(Items from a data source)
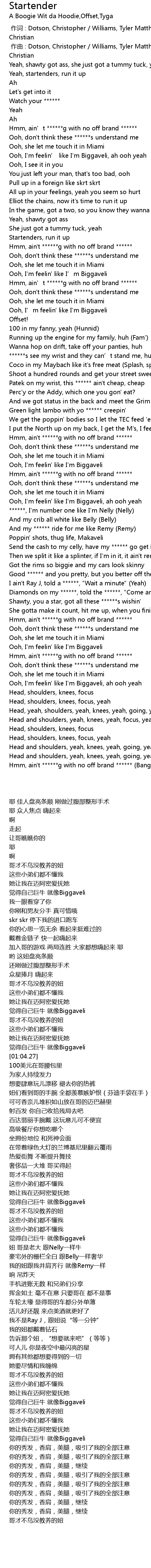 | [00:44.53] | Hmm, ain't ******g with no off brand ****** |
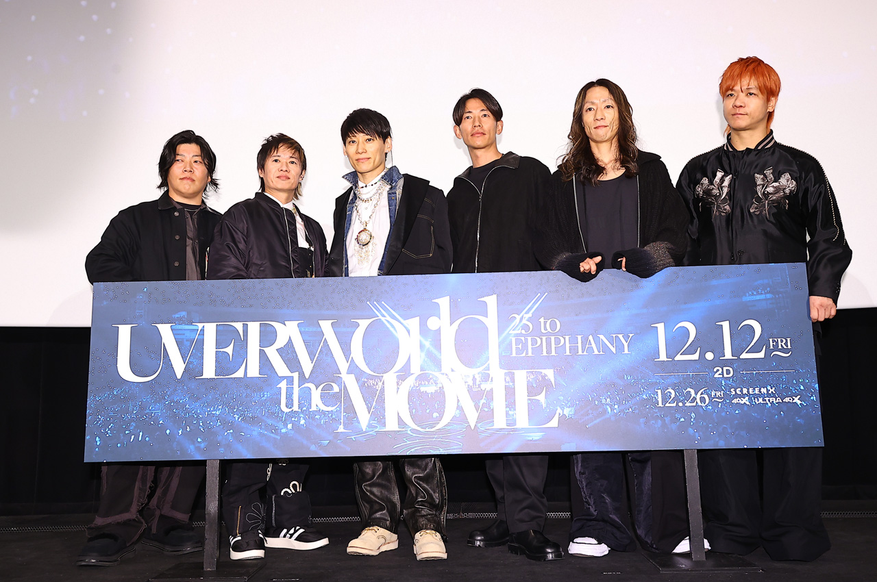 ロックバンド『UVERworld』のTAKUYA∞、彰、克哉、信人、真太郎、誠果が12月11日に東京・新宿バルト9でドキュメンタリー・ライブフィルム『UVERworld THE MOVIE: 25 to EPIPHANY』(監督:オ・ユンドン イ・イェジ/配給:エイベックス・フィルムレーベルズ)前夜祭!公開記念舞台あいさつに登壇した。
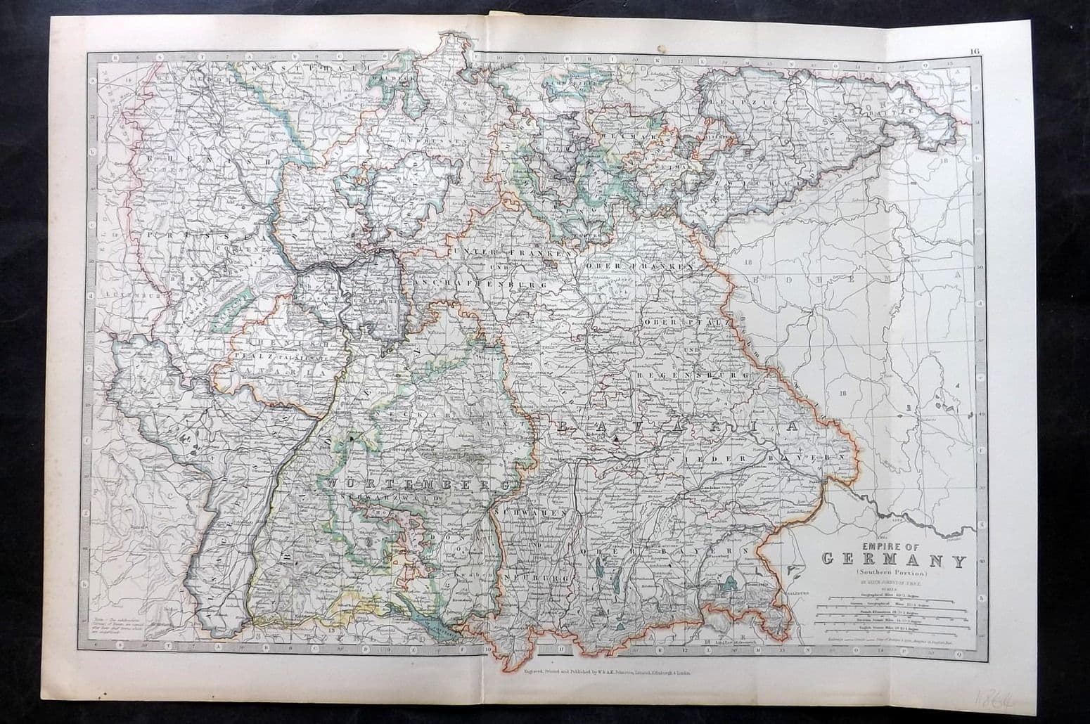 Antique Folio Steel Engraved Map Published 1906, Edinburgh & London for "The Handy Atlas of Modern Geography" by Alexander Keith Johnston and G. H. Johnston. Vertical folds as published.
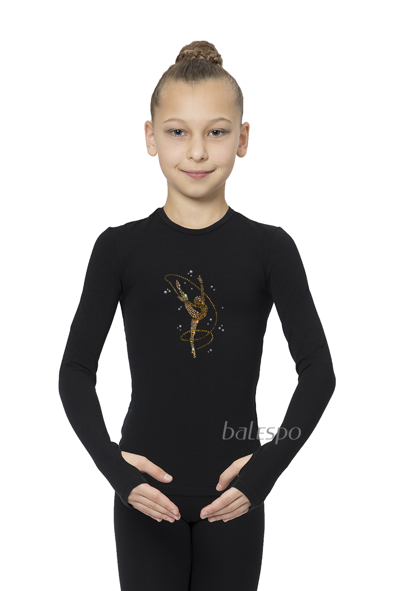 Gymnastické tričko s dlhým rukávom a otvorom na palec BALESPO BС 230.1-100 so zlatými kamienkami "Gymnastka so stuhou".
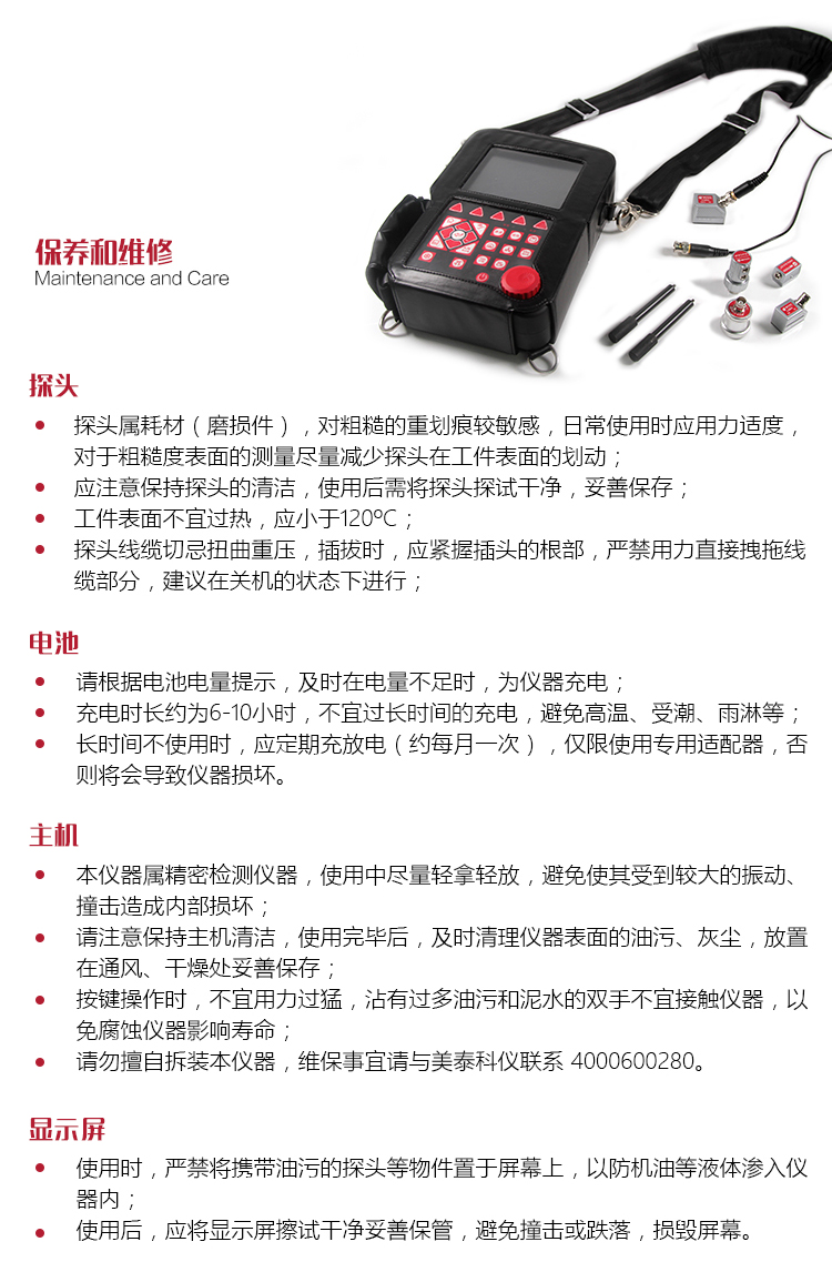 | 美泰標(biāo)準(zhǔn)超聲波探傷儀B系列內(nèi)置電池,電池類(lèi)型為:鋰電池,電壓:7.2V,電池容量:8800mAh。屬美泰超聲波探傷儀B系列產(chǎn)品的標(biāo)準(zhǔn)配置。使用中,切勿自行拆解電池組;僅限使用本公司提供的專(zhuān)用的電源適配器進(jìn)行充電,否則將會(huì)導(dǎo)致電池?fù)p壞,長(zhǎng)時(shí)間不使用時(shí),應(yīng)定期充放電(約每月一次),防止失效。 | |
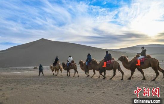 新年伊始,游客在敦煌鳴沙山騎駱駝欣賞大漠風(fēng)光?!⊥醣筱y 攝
* * *
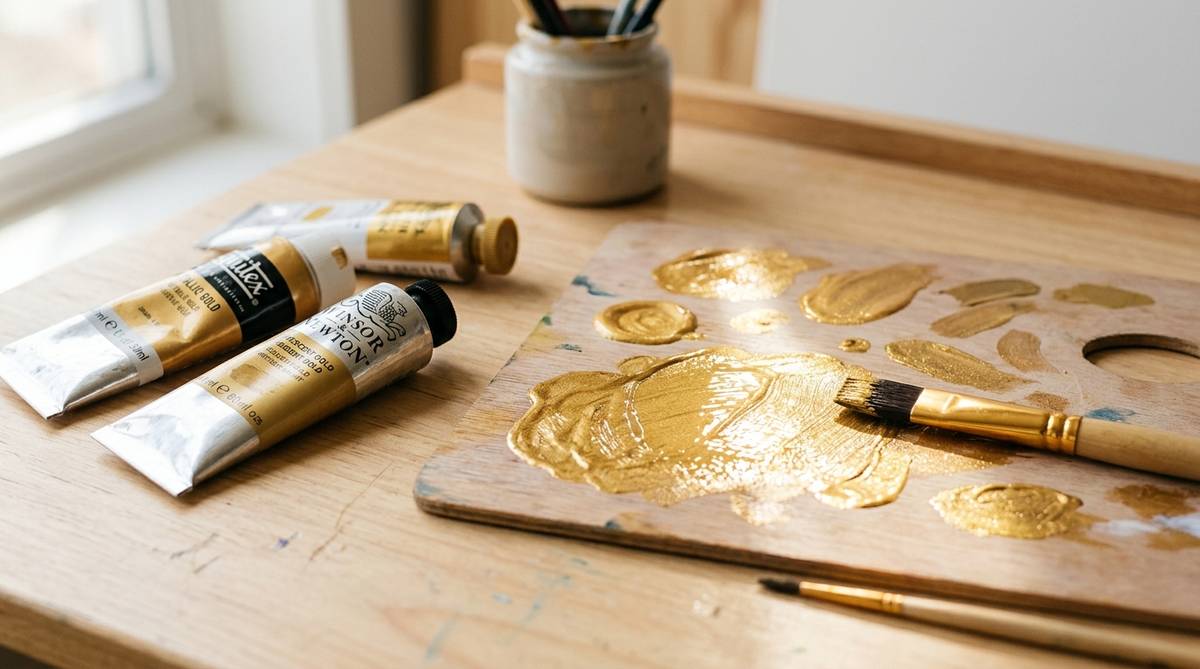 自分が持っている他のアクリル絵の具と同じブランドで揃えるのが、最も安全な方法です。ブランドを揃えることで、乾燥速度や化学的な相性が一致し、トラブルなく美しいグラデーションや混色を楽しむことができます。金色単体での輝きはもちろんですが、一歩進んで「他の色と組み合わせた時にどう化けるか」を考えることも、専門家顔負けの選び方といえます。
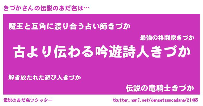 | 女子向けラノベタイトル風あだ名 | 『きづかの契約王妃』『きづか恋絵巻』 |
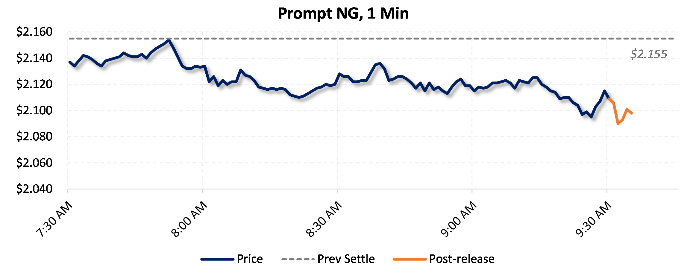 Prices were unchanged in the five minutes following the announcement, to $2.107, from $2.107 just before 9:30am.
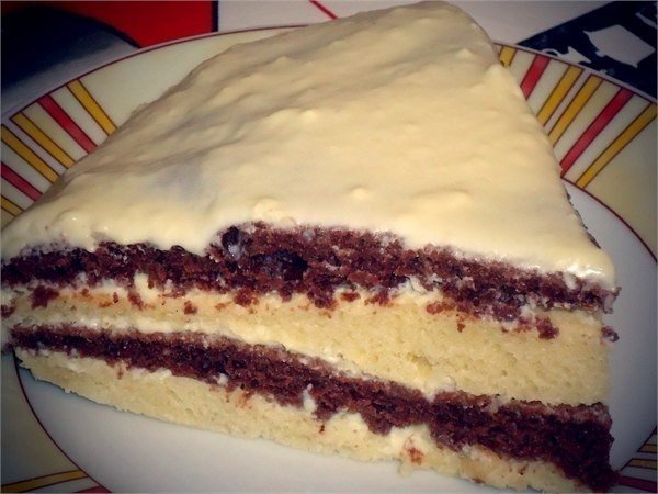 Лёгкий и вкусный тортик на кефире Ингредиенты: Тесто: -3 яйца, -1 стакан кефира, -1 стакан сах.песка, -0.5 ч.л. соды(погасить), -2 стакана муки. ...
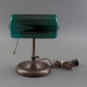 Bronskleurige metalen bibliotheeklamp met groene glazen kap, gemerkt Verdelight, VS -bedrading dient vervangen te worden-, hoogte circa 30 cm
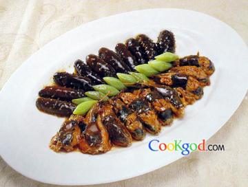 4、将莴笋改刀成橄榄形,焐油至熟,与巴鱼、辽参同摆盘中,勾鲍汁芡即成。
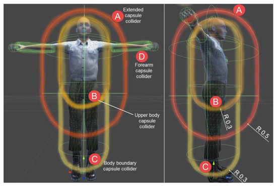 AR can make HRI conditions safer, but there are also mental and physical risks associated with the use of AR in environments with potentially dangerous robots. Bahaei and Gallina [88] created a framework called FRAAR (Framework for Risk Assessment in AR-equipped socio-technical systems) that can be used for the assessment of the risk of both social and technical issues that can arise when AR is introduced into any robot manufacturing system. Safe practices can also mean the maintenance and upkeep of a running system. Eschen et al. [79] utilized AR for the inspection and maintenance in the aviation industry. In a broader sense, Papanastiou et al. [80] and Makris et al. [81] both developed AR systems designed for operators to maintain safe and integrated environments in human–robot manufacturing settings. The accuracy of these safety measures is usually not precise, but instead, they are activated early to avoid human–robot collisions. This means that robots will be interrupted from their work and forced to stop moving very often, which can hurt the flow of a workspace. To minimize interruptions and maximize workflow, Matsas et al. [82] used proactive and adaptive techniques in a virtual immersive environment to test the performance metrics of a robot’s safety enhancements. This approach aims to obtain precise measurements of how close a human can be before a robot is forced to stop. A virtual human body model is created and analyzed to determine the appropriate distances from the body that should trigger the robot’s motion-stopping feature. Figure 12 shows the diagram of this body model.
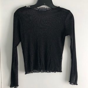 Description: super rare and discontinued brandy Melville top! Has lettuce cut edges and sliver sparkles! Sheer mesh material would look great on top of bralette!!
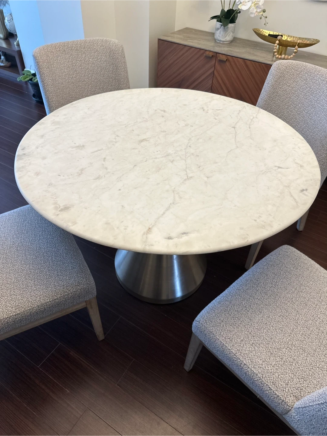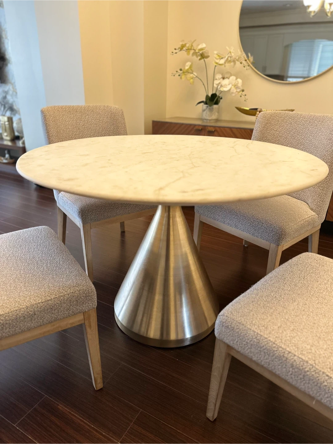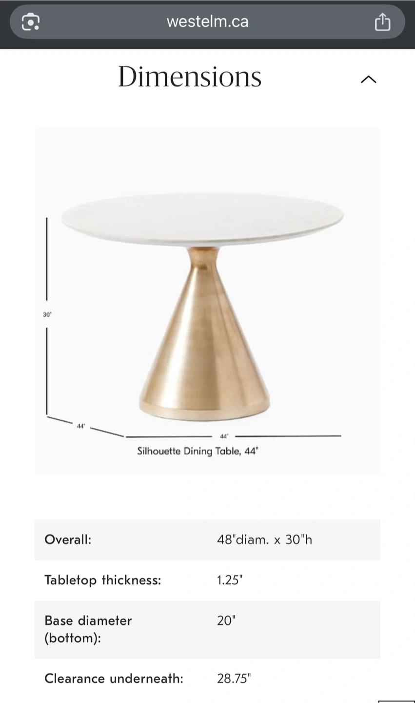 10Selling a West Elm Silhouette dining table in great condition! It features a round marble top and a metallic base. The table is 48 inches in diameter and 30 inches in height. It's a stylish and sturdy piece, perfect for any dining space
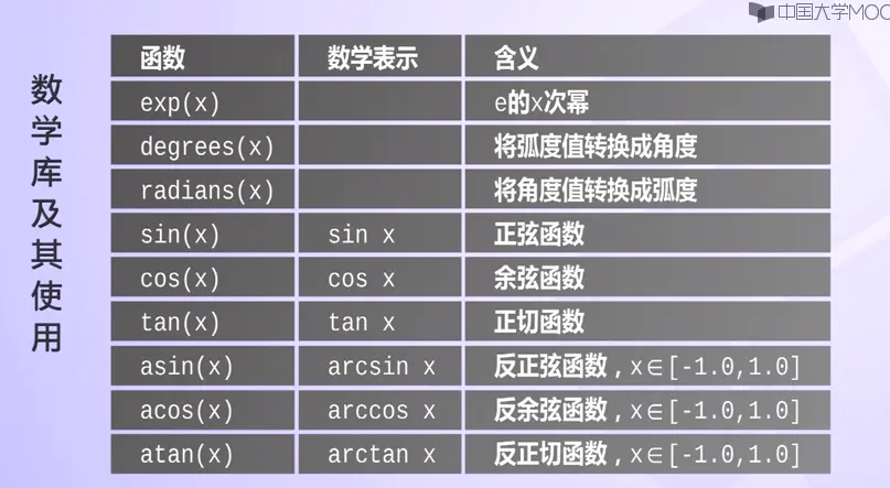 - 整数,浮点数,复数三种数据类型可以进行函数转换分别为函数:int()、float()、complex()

Exercise prompt.
Exactly as written above, retype the lines starting at the one holding "brand ****** |" and ending at the one holding "新年伊始,游客在敦煌鳴沙山騎駱駝欣賞大漠風(fēng)光?!⊥醣筱y 攝", both included, but not the pictures.

Reply.
 | [00:44.53] | Hmm, ain't ******g with no off brand ****** |
 ロックバンド『UVERworld』のTAKUYA∞、彰、克哉、信人、真太郎、誠果が12月11日に東京・新宿バルト9でドキュメンタリー・ライブフィルム『UVERworld THE MOVIE: 25 to EPIPHANY』(監督:オ・ユンドン イ・イェジ/配給:エイベックス・フィルムレーベルズ)前夜祭!公開記念舞台あいさつに登壇した。
 Antique Folio Steel Engraved Map Published 1906, Edinburgh & London for "The Handy Atlas of Modern Geography" by Alexander Keith Johnston and G. H. Johnston. Vertical folds as published.
 Gymnastické tričko s dlhým rukávom a otvorom na palec BALESPO BС 230.1-100 so zlatými kamienkami "Gymnastka so stuhou".
 | 美泰標(biāo)準(zhǔn)超聲波探傷儀B系列內(nèi)置電池,電池類(lèi)型為:鋰電池,電壓:7.2V,電池容量:8800mAh。屬美泰超聲波探傷儀B系列產(chǎn)品的標(biāo)準(zhǔn)配置。使用中,切勿自行拆解電池組;僅限使用本公司提供的專(zhuān)用的電源適配器進(jìn)行充電,否則將會(huì)導(dǎo)致電池?fù)p壞,長(zhǎng)時(shí)間不使用時(shí),應(yīng)定期充放電(約每月一次),防止失效。 | |
 新年伊始,游客在敦煌鳴沙山騎駱駝欣賞大漠風(fēng)光?!⊥醣筱y 攝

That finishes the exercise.